**What is expected:** Quote every line of the data below as it stands, omitting pictures.

**Provided data:**
=== Section Start ===

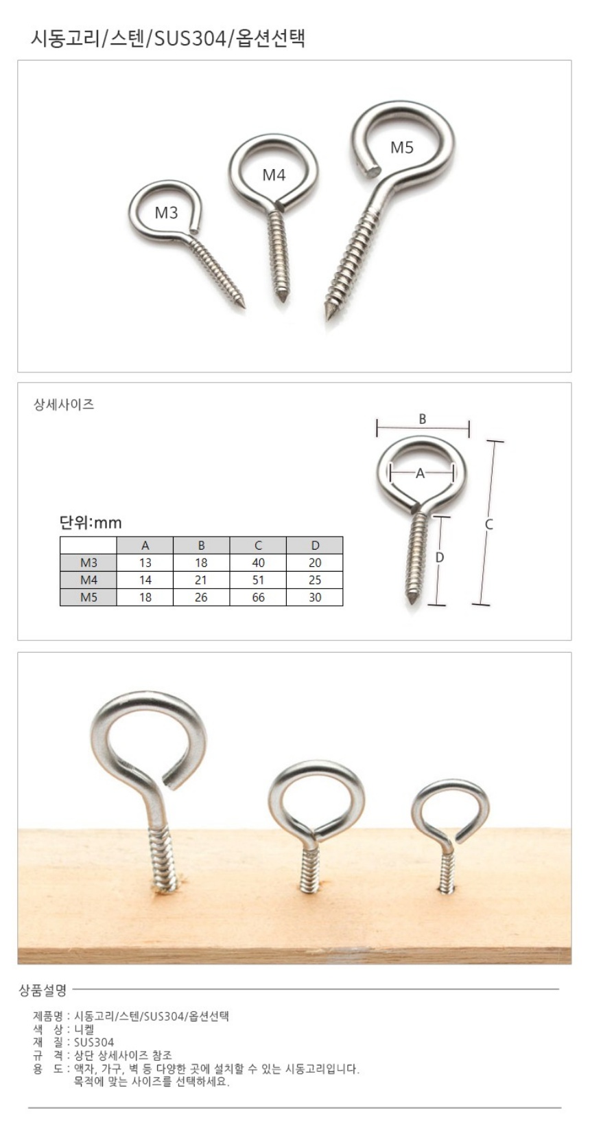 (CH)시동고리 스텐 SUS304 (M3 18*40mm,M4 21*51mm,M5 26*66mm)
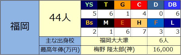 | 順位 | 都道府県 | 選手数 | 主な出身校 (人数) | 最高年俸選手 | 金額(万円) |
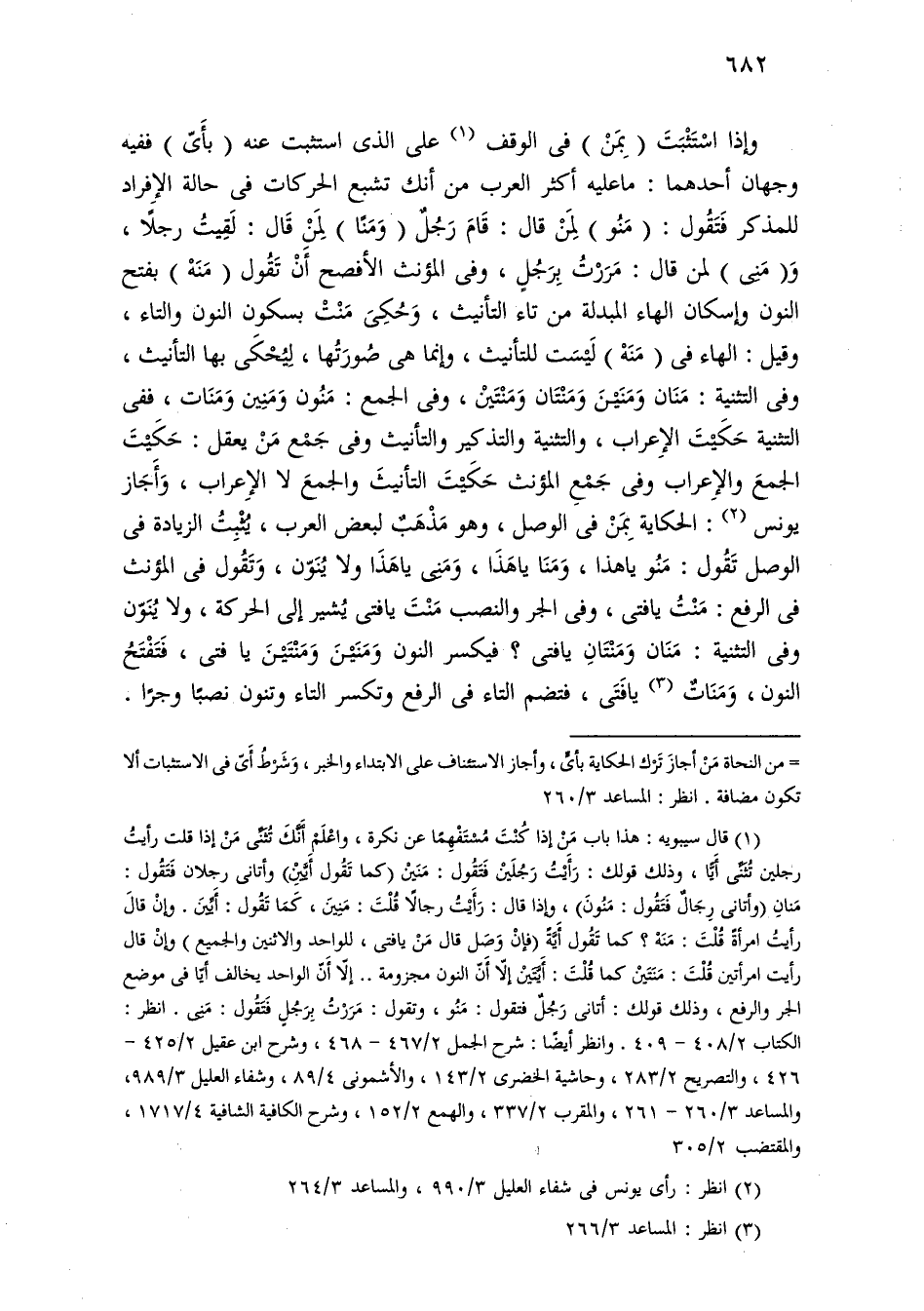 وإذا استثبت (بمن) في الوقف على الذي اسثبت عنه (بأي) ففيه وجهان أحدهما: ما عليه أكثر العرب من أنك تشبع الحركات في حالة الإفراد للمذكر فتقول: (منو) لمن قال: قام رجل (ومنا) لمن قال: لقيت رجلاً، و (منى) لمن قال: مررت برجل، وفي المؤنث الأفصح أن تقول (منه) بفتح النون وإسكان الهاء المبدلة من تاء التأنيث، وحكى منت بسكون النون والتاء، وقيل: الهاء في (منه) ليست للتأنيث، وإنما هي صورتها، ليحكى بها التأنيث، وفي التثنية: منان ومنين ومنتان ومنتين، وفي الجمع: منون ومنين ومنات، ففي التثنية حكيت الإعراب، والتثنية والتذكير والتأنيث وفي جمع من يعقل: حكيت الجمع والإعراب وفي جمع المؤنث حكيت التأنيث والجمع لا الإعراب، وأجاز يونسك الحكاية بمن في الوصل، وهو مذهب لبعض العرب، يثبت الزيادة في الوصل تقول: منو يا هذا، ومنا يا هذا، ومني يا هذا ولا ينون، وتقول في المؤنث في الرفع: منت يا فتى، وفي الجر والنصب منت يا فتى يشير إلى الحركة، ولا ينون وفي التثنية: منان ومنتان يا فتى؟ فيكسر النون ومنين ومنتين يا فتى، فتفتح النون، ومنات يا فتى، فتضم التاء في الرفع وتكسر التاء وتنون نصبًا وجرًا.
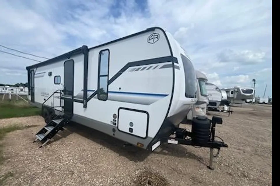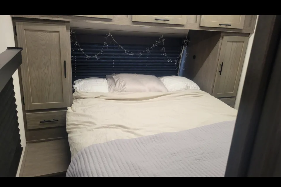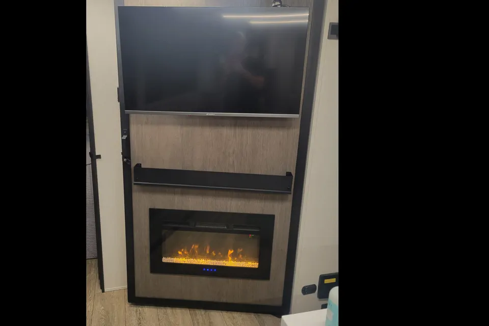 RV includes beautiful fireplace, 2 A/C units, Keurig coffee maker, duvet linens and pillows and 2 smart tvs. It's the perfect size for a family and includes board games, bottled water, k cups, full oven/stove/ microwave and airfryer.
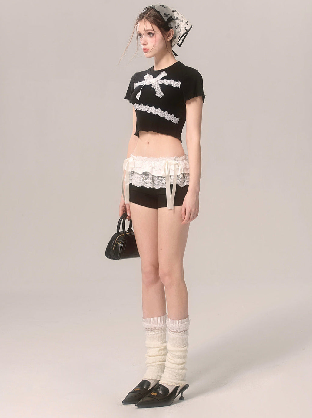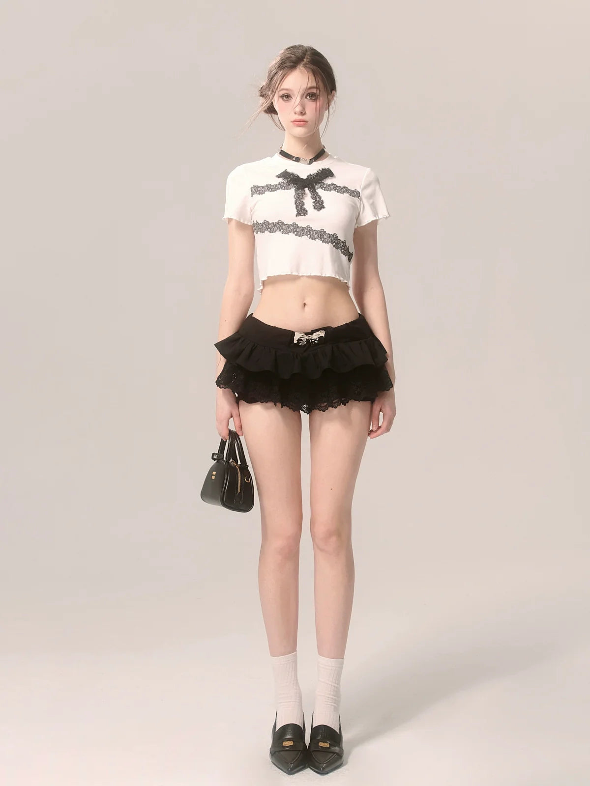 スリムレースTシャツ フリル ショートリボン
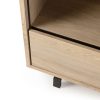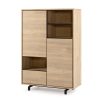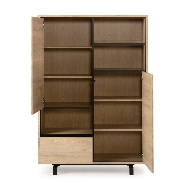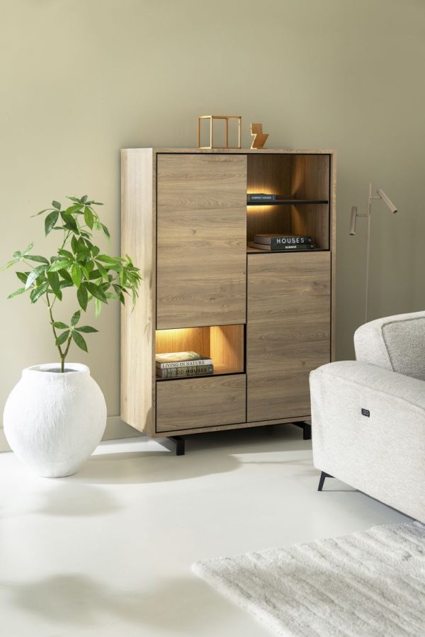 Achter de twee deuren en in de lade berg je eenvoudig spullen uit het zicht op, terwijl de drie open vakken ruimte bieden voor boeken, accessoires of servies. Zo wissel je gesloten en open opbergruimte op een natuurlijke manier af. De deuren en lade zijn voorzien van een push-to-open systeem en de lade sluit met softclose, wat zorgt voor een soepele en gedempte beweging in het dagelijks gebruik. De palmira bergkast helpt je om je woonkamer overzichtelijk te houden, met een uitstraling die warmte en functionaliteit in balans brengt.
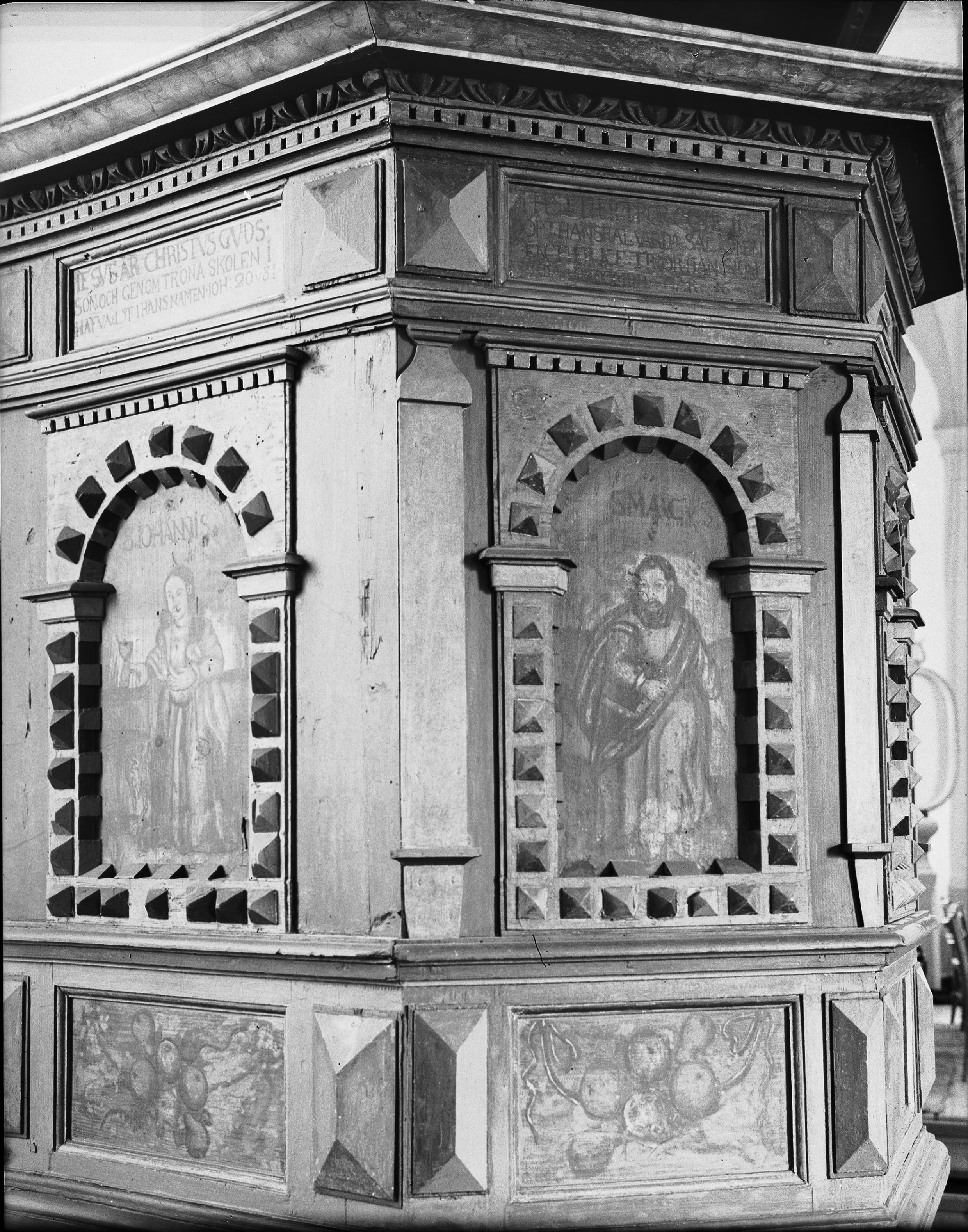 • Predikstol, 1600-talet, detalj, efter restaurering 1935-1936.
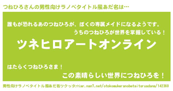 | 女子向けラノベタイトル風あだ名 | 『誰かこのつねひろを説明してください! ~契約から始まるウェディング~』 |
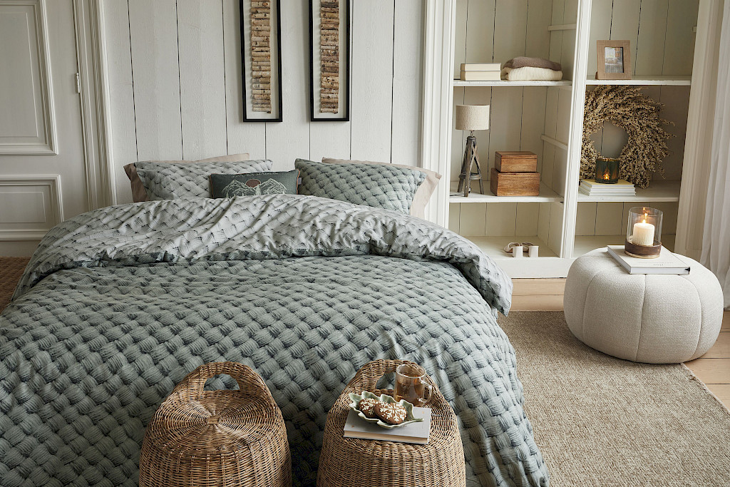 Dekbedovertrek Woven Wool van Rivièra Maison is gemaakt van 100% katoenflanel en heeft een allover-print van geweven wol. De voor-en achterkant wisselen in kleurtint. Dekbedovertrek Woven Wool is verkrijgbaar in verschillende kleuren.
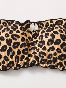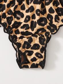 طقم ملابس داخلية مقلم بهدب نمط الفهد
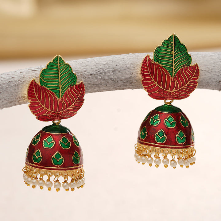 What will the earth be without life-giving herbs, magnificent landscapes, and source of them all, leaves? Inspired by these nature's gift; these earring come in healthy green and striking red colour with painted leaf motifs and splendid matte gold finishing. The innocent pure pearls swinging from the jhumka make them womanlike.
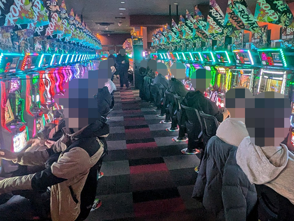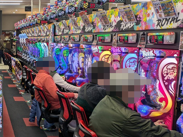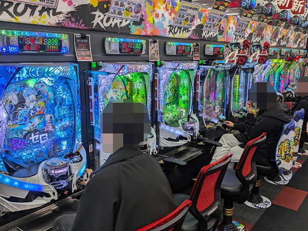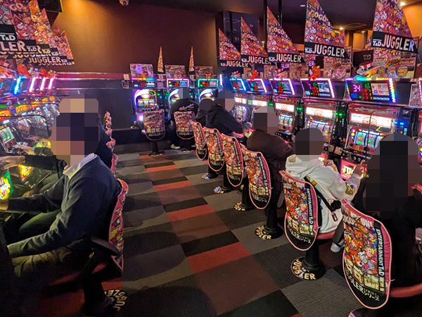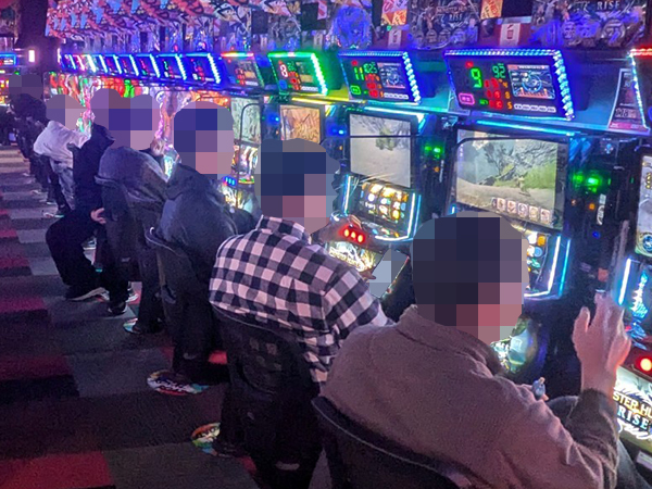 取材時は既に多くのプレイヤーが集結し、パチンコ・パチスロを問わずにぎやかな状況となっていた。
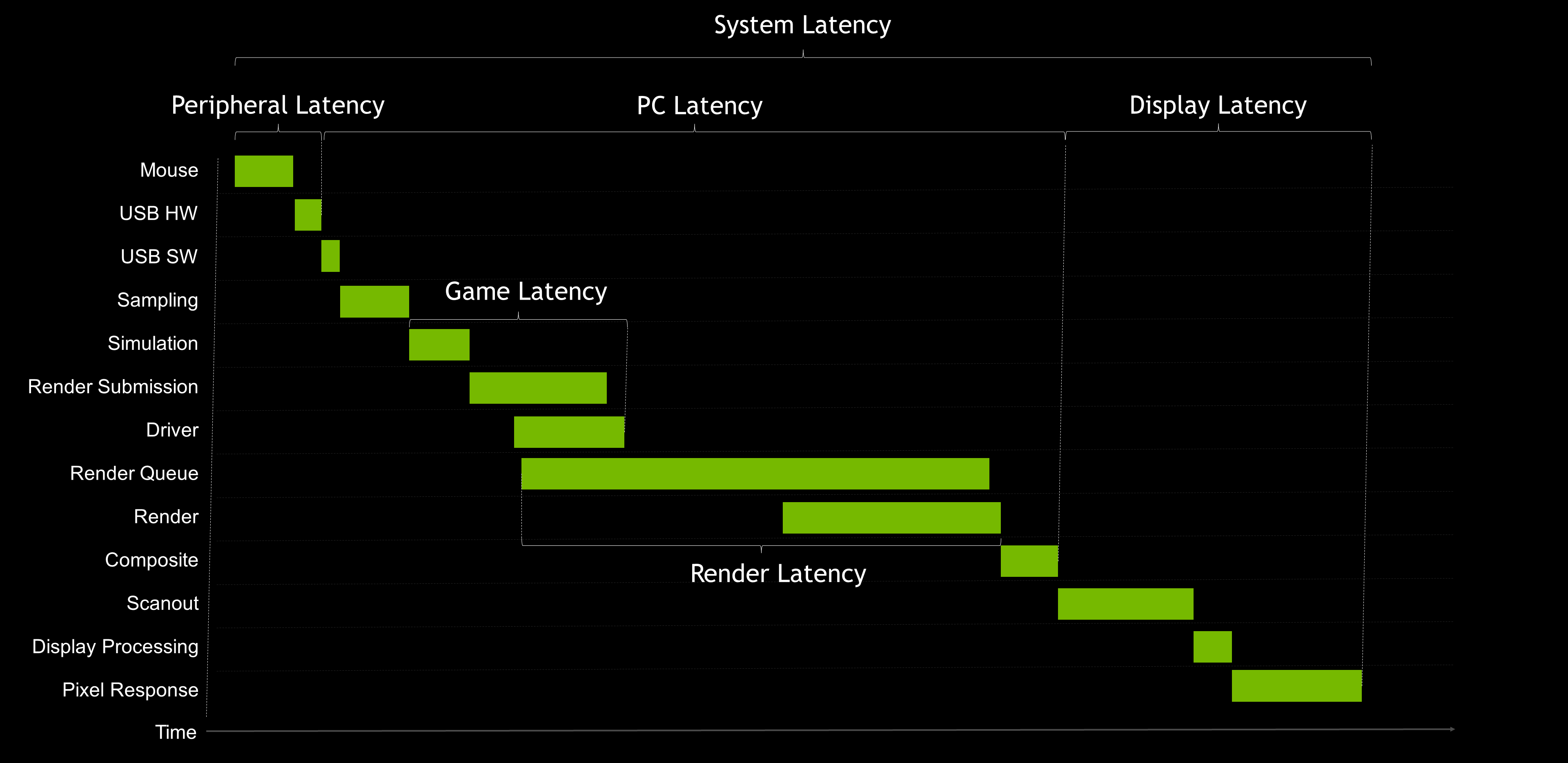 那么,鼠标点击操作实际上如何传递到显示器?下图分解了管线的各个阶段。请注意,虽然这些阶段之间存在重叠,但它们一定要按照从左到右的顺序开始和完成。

=== Section End ===

**Response:**
 (CH)시동고리 스텐 SUS304 (M3 18*40mm,M4 21*51mm,M5 26*66mm)
 | 順位 | 都道府県 | 選手数 | 主な出身校 (人数) | 最高年俸選手 | 金額(万円) |
 وإذا استثبت (بمن) في الوقف على الذي اسثبت عنه (بأي) ففيه وجهان أحدهما: ما عليه أكثر العرب من أنك تشبع الحركات في حالة الإفراد للمذكر فتقول: (منو) لمن قال: قام رجل (ومنا) لمن قال: لقيت رجلاً، و (منى) لمن قال: مررت برجل، وفي المؤنث الأفصح أن تقول (منه) بفتح النون وإسكان الهاء المبدلة من تاء التأنيث، وحكى منت بسكون النون والتاء، وقيل: الهاء في (منه) ليست للتأنيث، وإنما هي صورتها، ليحكى بها التأنيث، وفي التثنية: منان ومنين ومنتان ومنتين، وفي الجمع: منون ومنين ومنات، ففي التثنية حكيت الإعراب، والتثنية والتذكير والتأنيث وفي جمع من يعقل: حكيت الجمع والإعراب وفي جمع المؤنث حكيت التأنيث والجمع لا الإعراب، وأجاز يونسك الحكاية بمن في الوصل، وهو مذهب لبعض العرب، يثبت الزيادة في الوصل تقول: منو يا هذا، ومنا يا هذا، ومني يا هذا ولا ينون، وتقول في المؤنث في الرفع: منت يا فتى، وفي الجر والنصب منت يا فتى يشير إلى الحركة، ولا ينون وفي التثنية: منان ومنتان يا فتى؟ فيكسر النون ومنين ومنتين يا فتى، فتفتح النون، ومنات يا فتى، فتضم التاء في الرفع وتكسر التاء وتنون نصبًا وجرًا.
 RV includes beautiful fireplace, 2 A/C units, Keurig coffee maker, duvet linens and pillows and 2 smart tvs. It's the perfect size for a family and includes board games, bottled water, k cups, full oven/stove/ microwave and airfryer.
 スリムレースTシャツ フリル ショートリボン
 Achter de twee deuren en in de lade berg je eenvoudig spullen uit het zicht op, terwijl de drie open vakken ruimte bieden voor boeken, accessoires of servies. Zo wissel je gesloten en open opbergruimte op een natuurlijke manier af. De deuren en lade zijn voorzien van een push-to-open systeem en de lade sluit met softclose, wat zorgt voor een soepele en gedempte beweging in het dagelijks gebruik. De palmira bergkast helpt je om je woonkamer overzichtelijk te houden, met een uitstraling die warmte en functionaliteit in balans brengt.
 • Predikstol, 1600-talet, detalj, efter restaurering 1935-1936.
 | 女子向けラノベタイトル風あだ名 | 『誰かこのつねひろを説明してください! ~契約から始まるウェディング~』 |
 Dekbedovertrek Woven Wool van Rivièra Maison is gemaakt van 100% katoenflanel en heeft een allover-print van geweven wol. De voor-en achterkant wisselen in kleurtint. Dekbedovertrek Woven Wool is verkrijgbaar in verschillende kleuren.
 طقم ملابس داخلية مقلم بهدب نمط الفهد
 What will the earth be without life-giving herbs, magnificent landscapes, and source of them all, leaves? Inspired by these nature's gift; these earring come in healthy green and striking red colour with painted leaf motifs and splendid matte gold finishing. The innocent pure pearls swinging from the jhumka make them womanlike.
 取材時は既に多くのプレイヤーが集結し、パチンコ・パチスロを問わずにぎやかな状況となっていた。
 那么,鼠标点击操作实际上如何传递到显示器?下图分解了管线的各个阶段。请注意,虽然这些阶段之间存在重叠,但它们一定要按照从左到右的顺序开始和完成。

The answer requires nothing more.